VimalRaj explains that ManageEngine believes vendors should guide, empower, and share accountability with channel partners on AI compliance and risk. “Ultimately, it’s about empowering our partners with the tools, training, and clarity to offer AI solutions that are not only intelligent but also responsible, ethical, and ready for regulatory scrutiny.”
Rosa (Cloudian) sees the vendor’s role as helping partners make compliance an embedded strength. “That’s why our solutions include built-in governance—data immutability, metadata tagging, versioning, and audit logging—so traceability and compliance are standard.” By offering these capabilities natively, Cloudian enables MSPs and resellers to deliver transparent, trustworthy infrastructure that supports long-term customer trust and adoption.

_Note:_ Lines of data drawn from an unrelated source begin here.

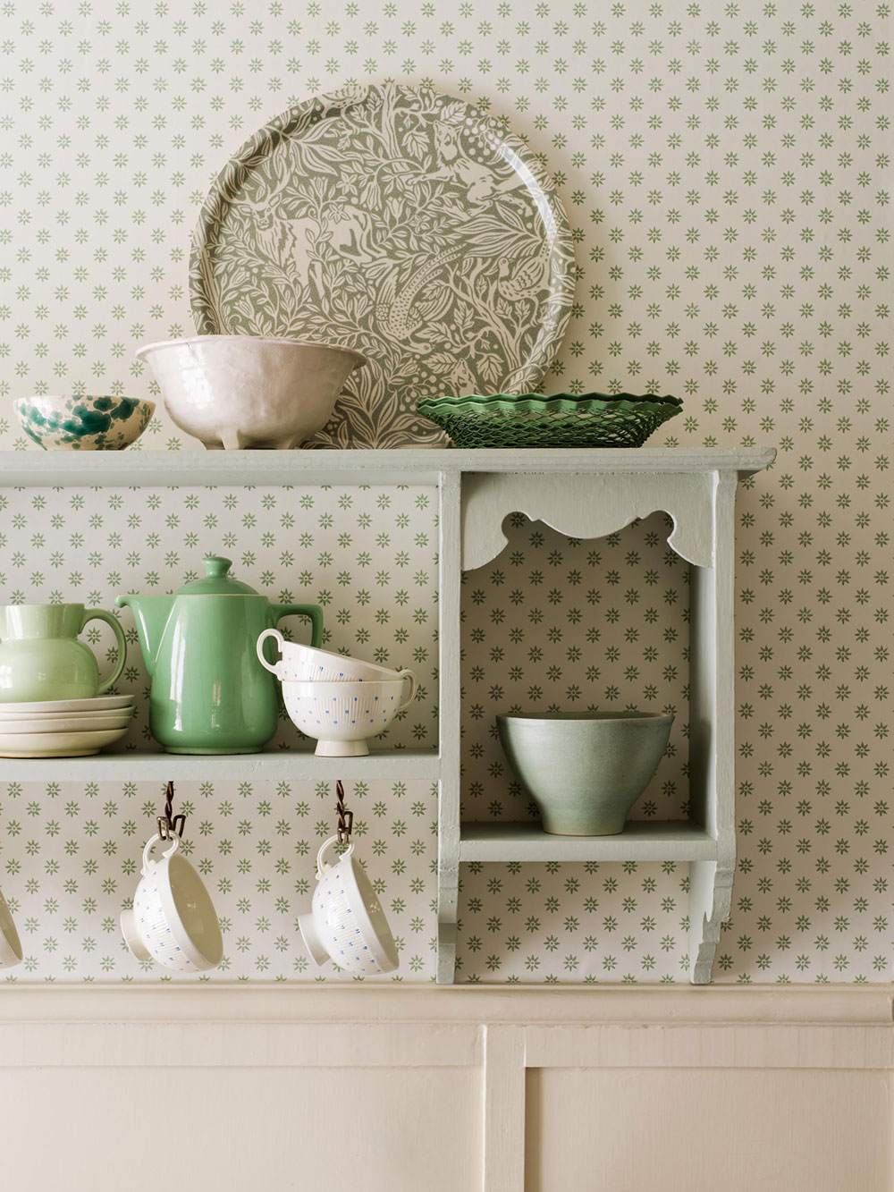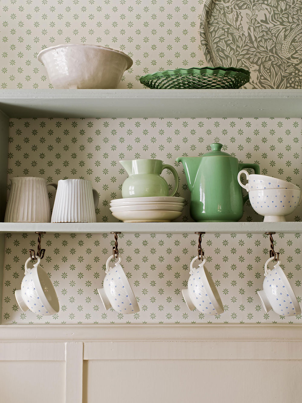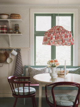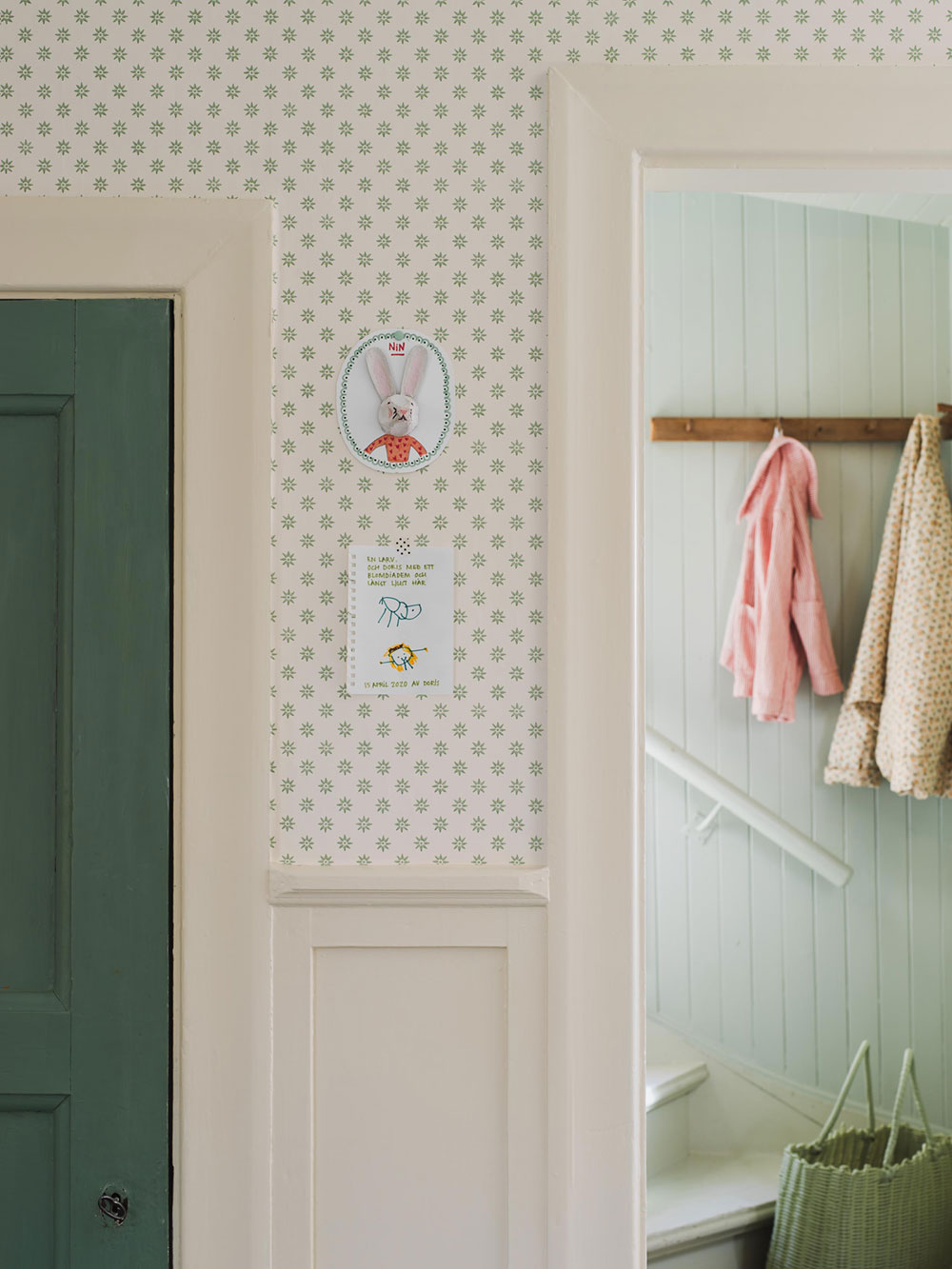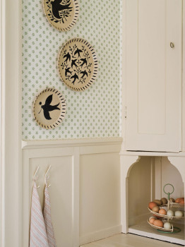 An earthy and joyful collection of wallpapers, Nordic Folk is inspired by Nordic nature and traditions. Floral motifs, stripes, blooming meadows, rolling landscapes with animals, and leafy trees – all of this pays tribute to the rich culture of ancient northern peoples.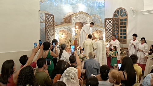 Na noite desta quarta-feira 14, foi celebrada Missa na Igreja Matriz de Santo Antônio que ficou literalmente tlotada pelos fieis que ao final da celebração, estiveram visitando o presepio que recebeu a imagem do Menino Jesus.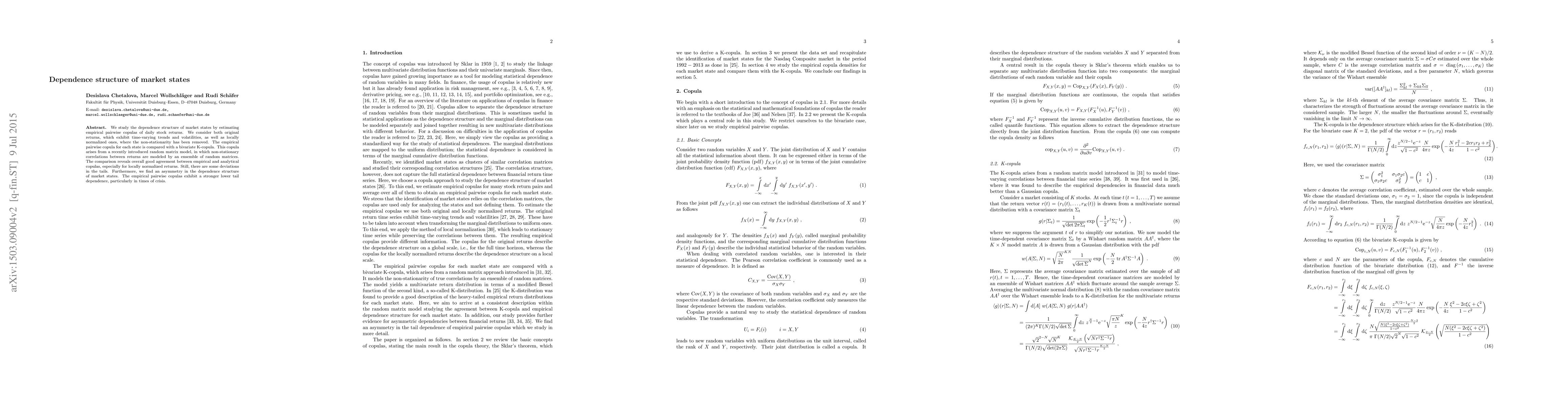 This paper examines the dependence structure of market states using empirical pairwise copulas of daily stock returns, comparing them to a bivariate K-copula from a random matrix model. It finds good agreement between empirical and analytical copulas, especially for normalized returns, but notes stronger lower tail dependence, particularly in crisis times.
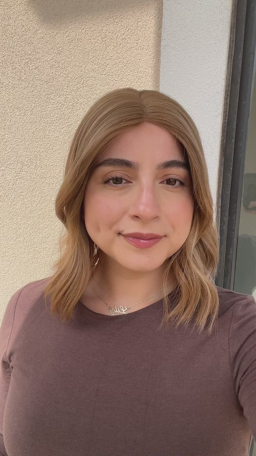 Color: Dark medium golden blonde base with a slightly darker root and ashy to neutral light blonde highlights and creamy blonde lowlights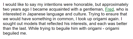 Or how Sarah’s Origami page tells us she picked it up as a seduction technique to get into weeb-master Fred’s good graces on its literal intro, which is the cutest and she should be immensely proud of this even 24 years later, I hope she is: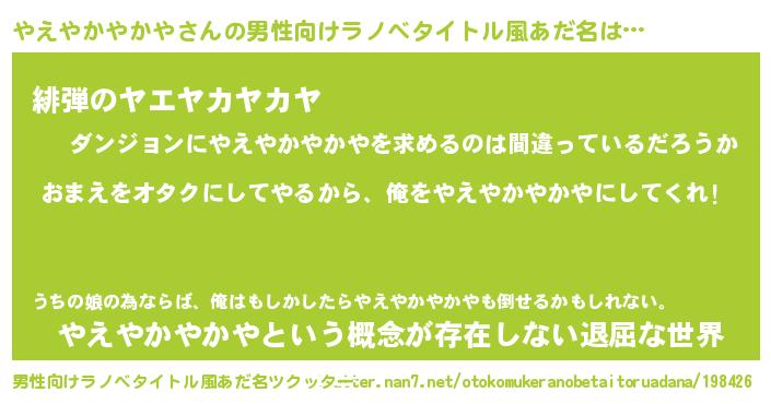 | 女子向けラノベタイトル風あだ名 | 『やえやかやかや恋絵巻』 |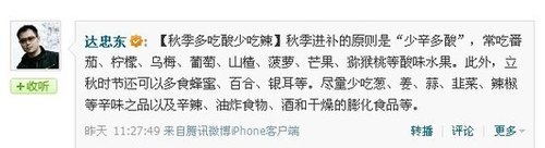 也有博主给出了秋季进补的正确建议。博主“达忠东”就建议大家“秋季进补的原则是“少辛多酸”,常吃番茄、柠檬、乌梅、葡萄、山楂、菠萝、芒果、猕猴桃等酸味水果。此外,立秋时节还可以多食蜂蜜、百合、银耳等。尽量少吃葱、姜、蒜、韭菜、辣椒等辛味之品以及辛辣、油炸食物、酒和干燥的膨化食品等。”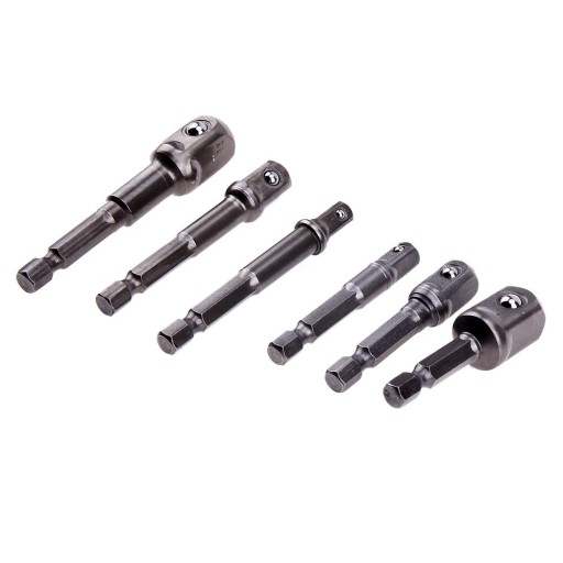 Umożliwiają zastosowanie nasadek o różnym gnieździe z narzędziami, posiadającymi uchwyt wkrętakowy 6-ciokątny.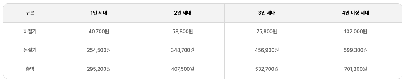 지원 금액은 세대원 수를 고려하여 세대당 금액을 차등하여 지급합니다. 세대원 수는 등본에 포함된 세대원으로 산정하며 에너지바우처의 지원금액은 소득산정을 반영하지 않습니다. (대상자로 확인되면 세대 수만 고려하며 지급)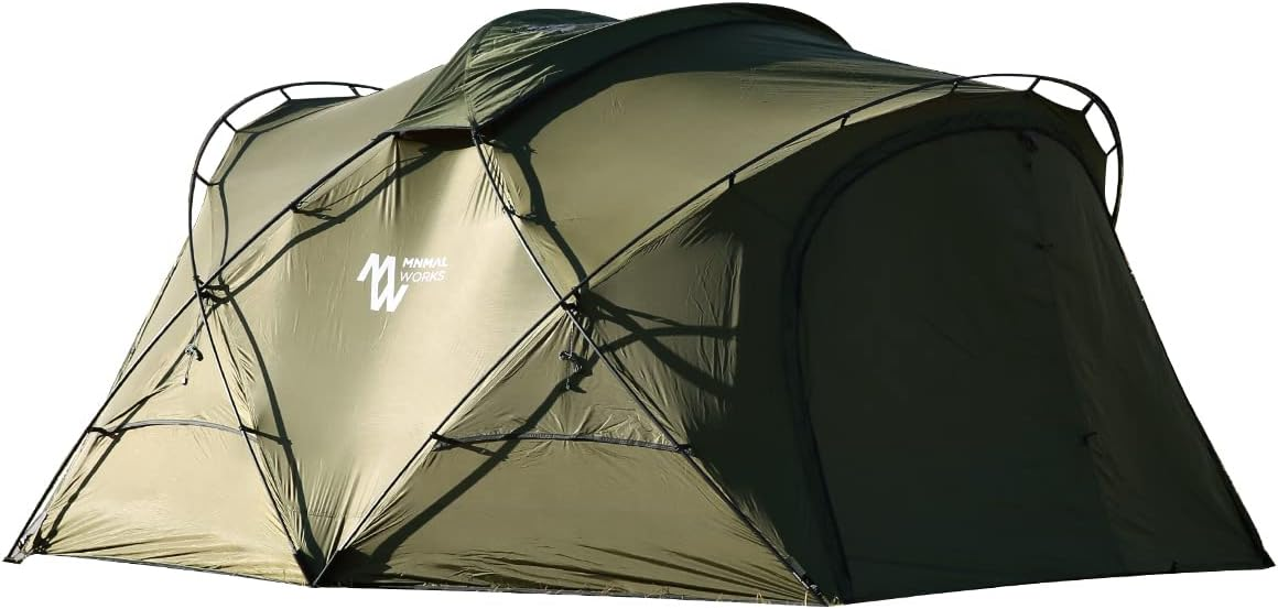 韓国発の人気ブランドミニマルワークスのシェルターテントMINIMAL WORKS SHELTER Gは、広い内部空間とフロアレス設計が特徴です。耐久性・防水性に優れ、通気性も確保。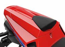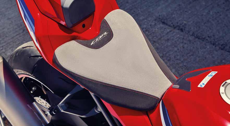 Made of luxury Alcantara material that provides outstanding soft feel and superb breathability, the Rider Special Seat improves the riding comfort. Protected with a water repellent finish, the beautiful matt texture of this seat and the CBR branding increase the premium feel of the Fireblade RR-R.
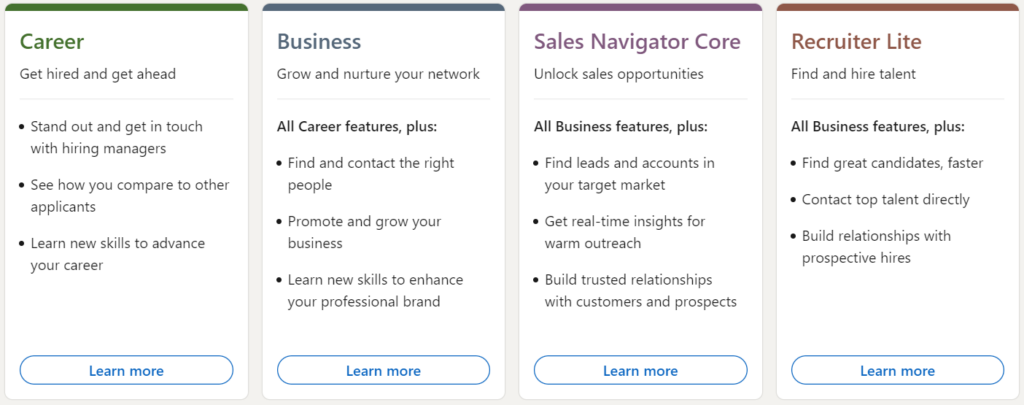 Werfen wir einen genaueren Blick auf die verschiedenen LinkedIn Premium Subscriptions und was sie bieten.
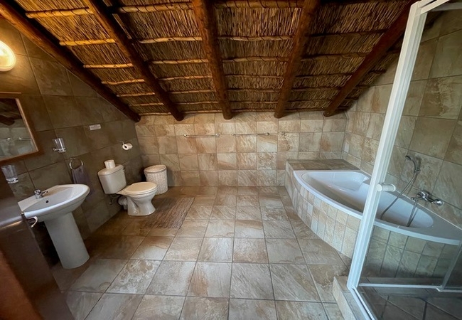 Nghala has five bedrooms. There are three bedrooms downstairs. The first bedroom is furnished with a double bed and has an en-suite bathroom fitted with a bath, shower, toilet and basin. The second room is furnished with a double bed and the third room is furnished with two single beds. These two rooms share a bathroom fitted with a bath, shower, toilet and basin. Downstairs, bedroom four is furnished with two single beds and has an en-suite bathroom fitted with a bath, shower, toilet and basin. Bedroom five is furnished with two single beds and the en-suite bathroom is fitted with a bath, shower, toilet and basin. The fully equipped kitchen comes with a microwave, fridge, chest freezer, dishwasher and gas stove. The living area has a flat screen TV with satellite channels. There is a dining area where guests can enjoy their meals together. Outside is a patio with a splash pool. There is a built in braai and firepit in the Lapa area. Two covered parking spaces are available and are surrounded by extra ample parking space.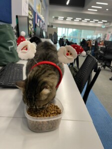 These Egyptian cats are cared for by the British Council local staff, who pay for kibble, vaccines, vet fees for spaying and neutering, all out of their own pockets. As far as anyone knows, no one has ever resented caring for them, nor have the cats caused any trouble. Students, exam-takers, and people wanting to know about UK scholarships come in and out all day and see the cats, and there has never been the slightest fuss about them. And in fact, other prestigious foreign institutions in the city also shelter cats on their premises, including, I’m told, even the British High Commission itself.

For Unframe, the path to compliance starts with secure-by-design architecture and a commitment to trust: “We always respect our customers’ underlying permissions, and data never leaves their perimeter unless they choose to share it.” That foundation of control, Larissa explained, allows partners to move fast, scale with confidence, and adapt as regulation evolves.
The message, reinforced repeatedly: trust isn’t built through one-off audits or checklists, but through transparency, guidance, and a willingness to build resilient, innovative, risk-aware systems together.
Compliance vs innovation
When it comes to AI, the line between compliance and innovation isn’t always clear. Are organisations forced to choose between the two?
RealVNC and Panzura made it clear the answer is no.
For Chris Beagle, Senior Partner Manager, RealVNC, “Security and compliance can enable innovation, rather than inhibit it.” Real-time performance data and robust security create the ideal environment for AI to enable progress, without compromising compliance. With the right technology, AI’s full potential can be used while still meeting regulatory demands.
Nicola Houghton, Partner Manager International, Panzura explains that robust metadata management makes it possible to meet regulatory requirements without holding back innovation. “Leveraging metadata to gain deep understanding means organisations don't have to choose between innovation and regulatory requirements; they can have both.”
There’s no doubt that the EU AI Act has moved compliance and risk management from the sidelines to the centre of the channel conversation. But as our vendor insights show, the organisations that will thrive aren’t those that treat compliance as a tick-box exercise…they’re the ones that make transparency, partnership, and accountability part of their everyday operations.
Three things stand out to me:
Data matters more than ever. Quality, traceability, and stewardship are non-negotiable for anyone deploying AI.
Compliance is not a one-off project or an annual review. It’s a continuous process built into architecture, documentation, and daily practice.
None of this happens in isolation. AI success in the channel is a collaborative, iterative process—no single vendor, partner, distributor, or technology holds all the answers for embedding AI responsibly and sustainably. Getting this right means learning together, adapting together, and being prepared to challenge one another along the way.